Love and Other Impossible Pursuits
- Author: Ayelet Waldman
- Language: English
- Publisher: Doubleday
- Publication date: 24 January 2006
- Publication place: United States
- Media type: Print (Hardcover)
- Pages: 352 (Hardcover)
- ISBN: 0-385-51530-8
- OCLC: 57186438

= Love and Other Impossible Pursuits =

2006 novel by Ayelet Waldman

Love and Other Impossible Pursuits is a novel by Israeli-American author Ayelet Waldman and released in 2006.

==Plot summary==
Emilia Greenleaf is an attorney living in New York city with her husband, Jack Woolf. Emilia is the stepmother to Jack's remarkably intelligent eight-year-old son, William Woolf. William lives primarily with his mother, the medical doctor Carolyn Soule. It is Emilia's job, however, to pick up William from his nursery school every Wednesday afternoon. When she picks him up, Emilia is often subjected to snide glances and whispers from the other mothers because, it transpires, her relationship with her husband began when he was still with his wife. They had an office affair, and eventually the marriage dissolved. Later, the reader discovers that Emilia and Jack have recently lost their daughter, Isabel. They kept the little girl for 3 days, then she died during the night of SIDS in her mother's arms after being fed.

The bulk of the story deals with the results of Isabel's death, including the strain this puts on Emilia and Jack's marriage, as well as Emilia's feelings towards William.
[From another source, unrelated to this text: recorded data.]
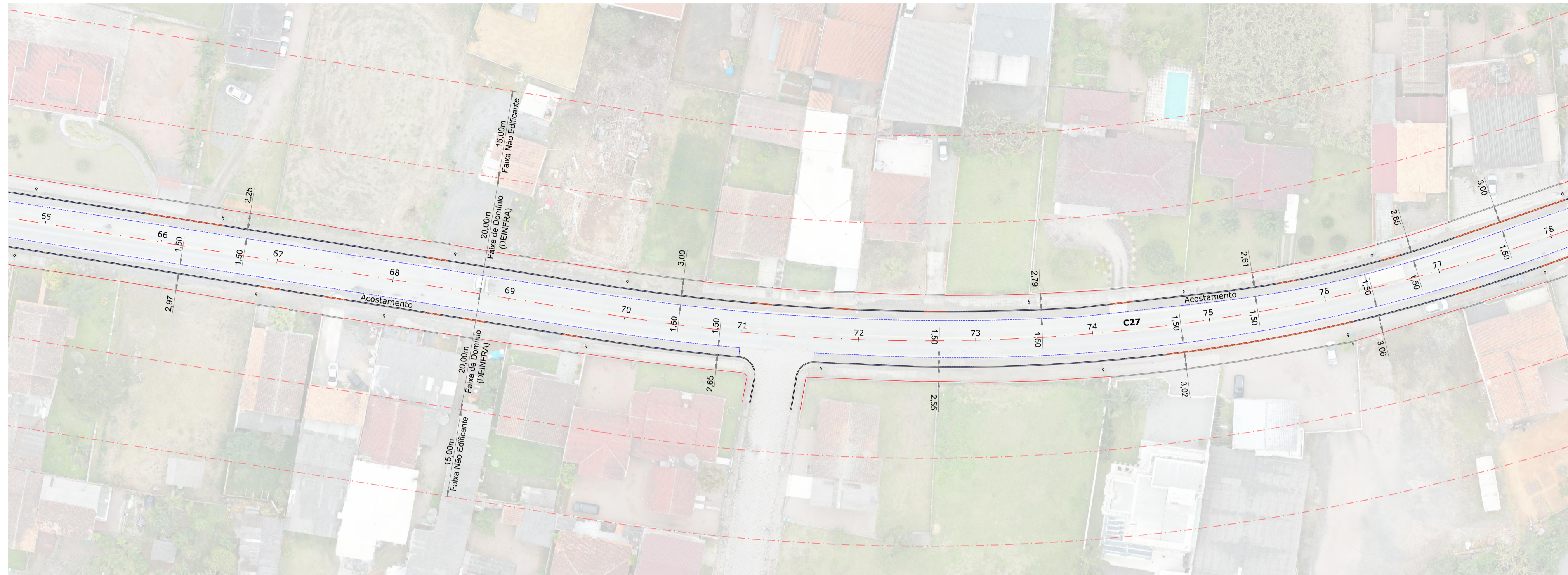
Planta Baixa Est: 65 + 0,00 à 78 + 0,00 Esc: 1/500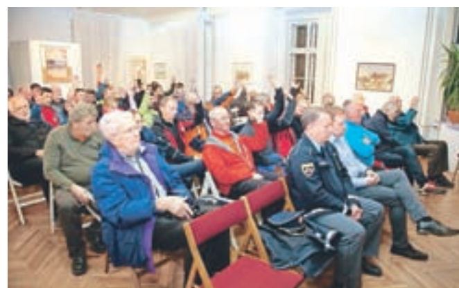
Društvo GRS Kamnik šteje 55 članov, od tega trideset aktivnih reševalcev.

Čeprav se obisk gora pri nas povečuje, pa je nesreč v gorah manj, kar gre pripisati predvsem preventivnim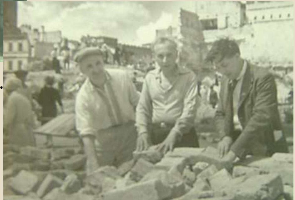
Павло Тичина, Максим Рильський, Юрій Яновський на відбудові Хрещатика, 1944 р.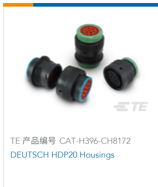
TE 产品编号 CAT-H396-CH8172 DEUTSCH HDP20 Housings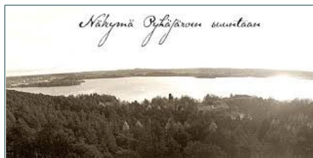
Pyynikki nostalgia/ Näköalatasanne (Pyhäjärvi) historia.tampere.fi

Lähteet: pyynikinkesateatteri.fi ja Wikipedia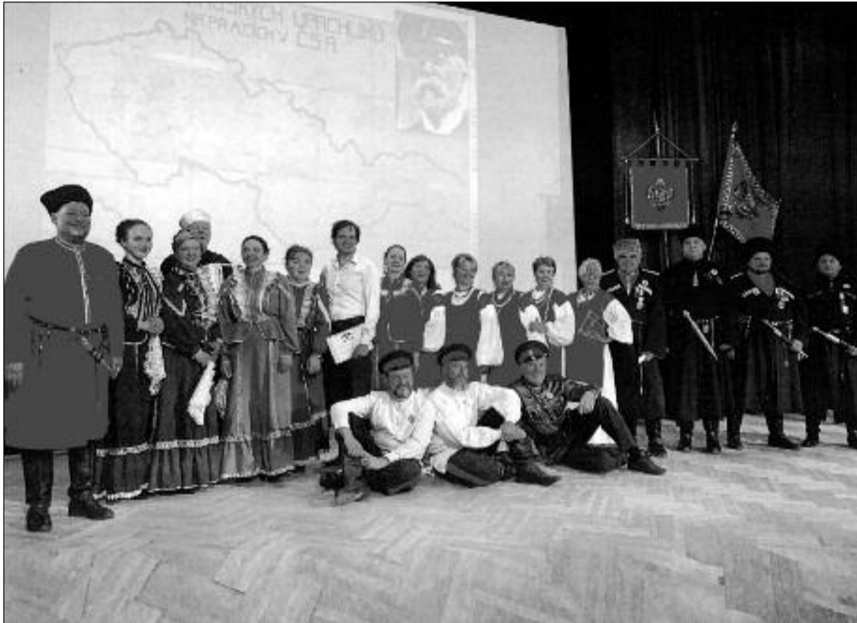
Umělecké soubory – „Kozáci Vltavy“, „Děvčata“ a „Donští kozáci“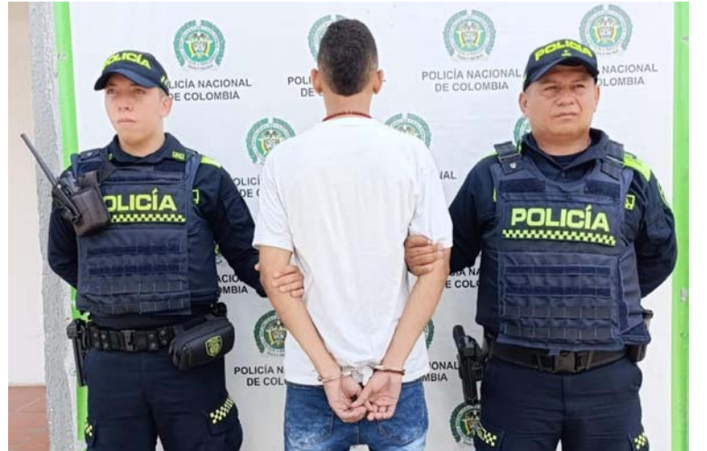
En la requisita se le halló en su poder un arma de fuego tipo pistola con proveedor y cartuchos.

La Policía Nacional reafirma su compromiso con la seguridad de los ciudadanos y continúa con los operativos para combatir cualquier actividad delictiva en la región.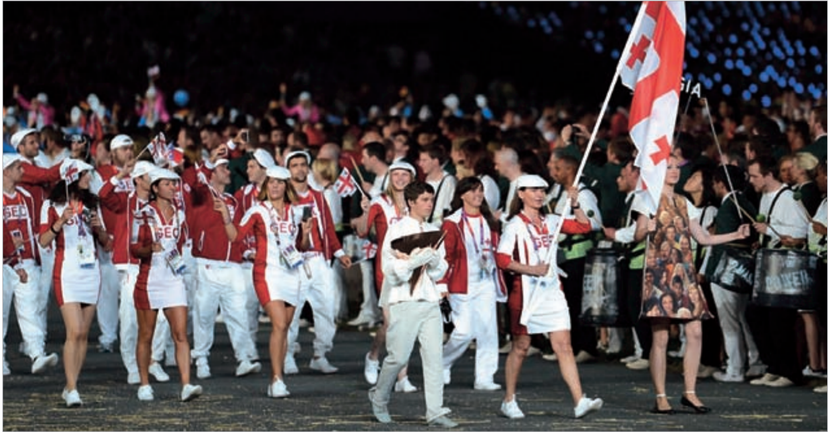
გია ნაცვლიშვილმა ლონდონში ქართველ ოლიმპიელთა შედეგები უპრეცედენტოდ შეაფასა

გია ნაცვლიშვილმა ძიუდოს ეროვნული ფედერაციაში შესაძლო საკადრო ცვლილებებზეც ისაუბრა. სეოკ-ის პრეზიდენტის თქმით, ძიუ-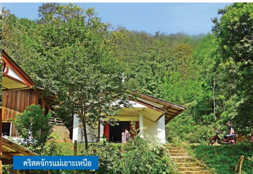
คริสตจักรแม่เมาะเหนือ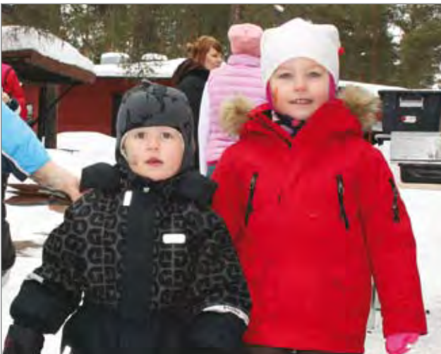
Lapset saivat kasvoilleen hienot maalaukset.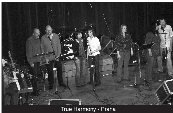
True Harmony - Praha

Druhá kapela, True Harmony, pro kterou se spíše však hodí výraz vokální skupina, měla být jakýmsi kořením programu a ukázat tvorbu Beatles v trochu odlišné interpretaci. Kapela měla nastoupit už do rozjetého programu a nabídnout uklidnění a odpočinek. Bohužel se tak vlivem vývoje atmosféry nestalo a naopak se ovzduší ještě trochu „ochladilo“. Opět to ale nebyla vina účinkujících.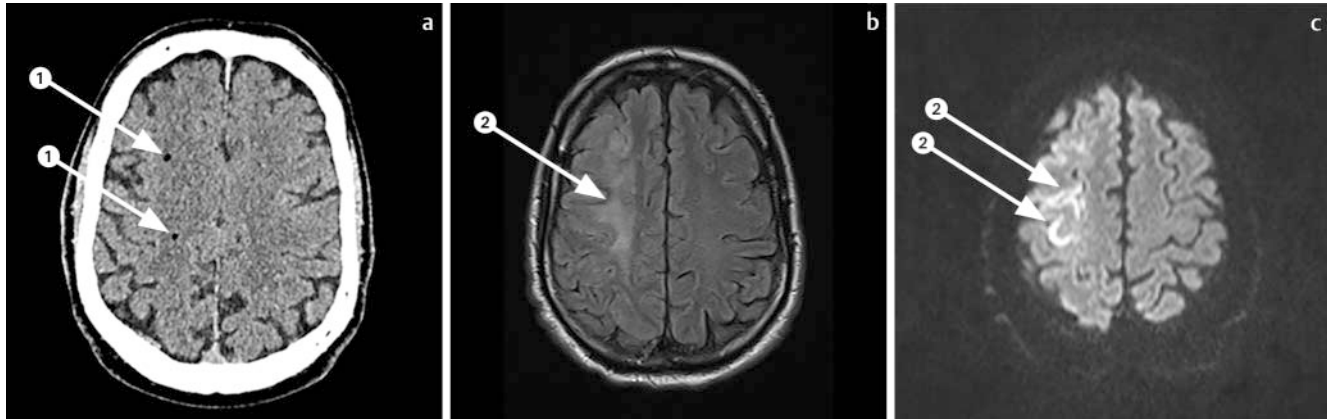
► Abb. 2 a CT-Schädel, transversale Schicht. b MRT-Schädel, transversale Sequenz: T2Flair-Wichtung. c MRT-Schädel, transversale Sequenz: DWI-b1000-Wichtung.

60-year-old man with left-sided hemiparesis after bronchoscopy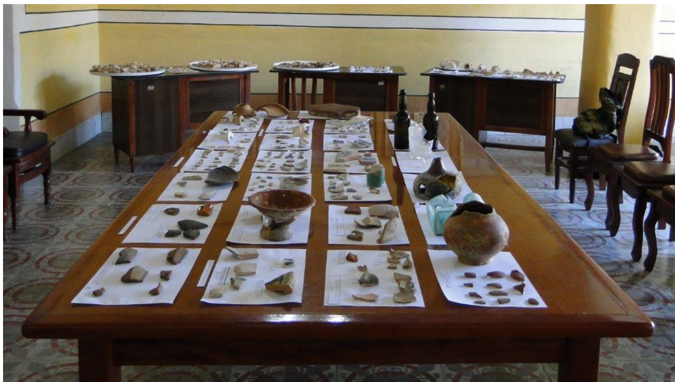
FIG. 5. Mesas interactivas. Salón de Reuniones de la Oficina de Monumentos y Sitios Históricos del CPPC, en Sancti Spíritus

solución a la problemática que se presenta en Sancti Spíritus”.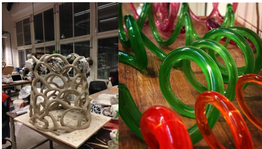
Tjejerna i Gustavsberg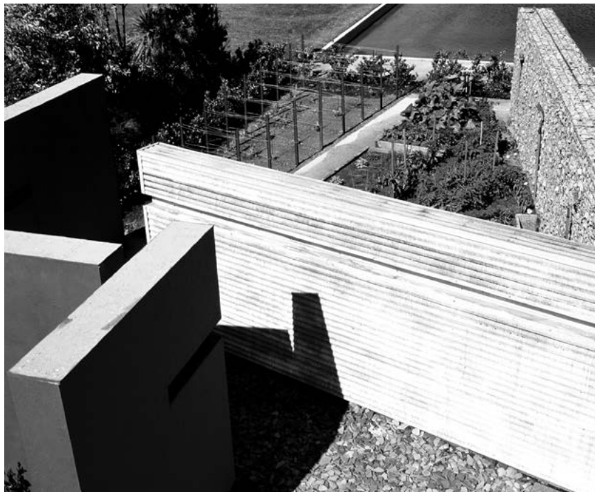
60U Cornerstone Gardens

Lacouture, Felipe, El Centro de Investigación, Documentación e Información Museológica de la Coordinación Nacional de Museos y Exposiciones , folleto, México, CNME-INAH, 1995

Emilia does not particularly like William (in fact, she describes him as "insufferable" early on in the story), but tries to be a good parent to him. This is hindered by the fact that William serves as his mother's mouthpiece, and sometimes speaks in a very matter-of-fact way about Isabel's death.

==Film adaptation==

A film adaptation of the novel has been made with Natalie Portman starring in the lead role. The film was directed by Don Roos and also starred Scott Cohen and Charlie Tahan. Jennifer Lopez was initially signed to play the lead role, but Portman replaced her after she abruptly dropped out of the project. Production began in November 2008. After a successful screening at the Toronto Film Festival, the movie received only low dollar distribution offers because of the subject matter. The financiers decided to recut the movie and ended up with the released version which was panned by critics and which was contrary to the vision of the filmmakers.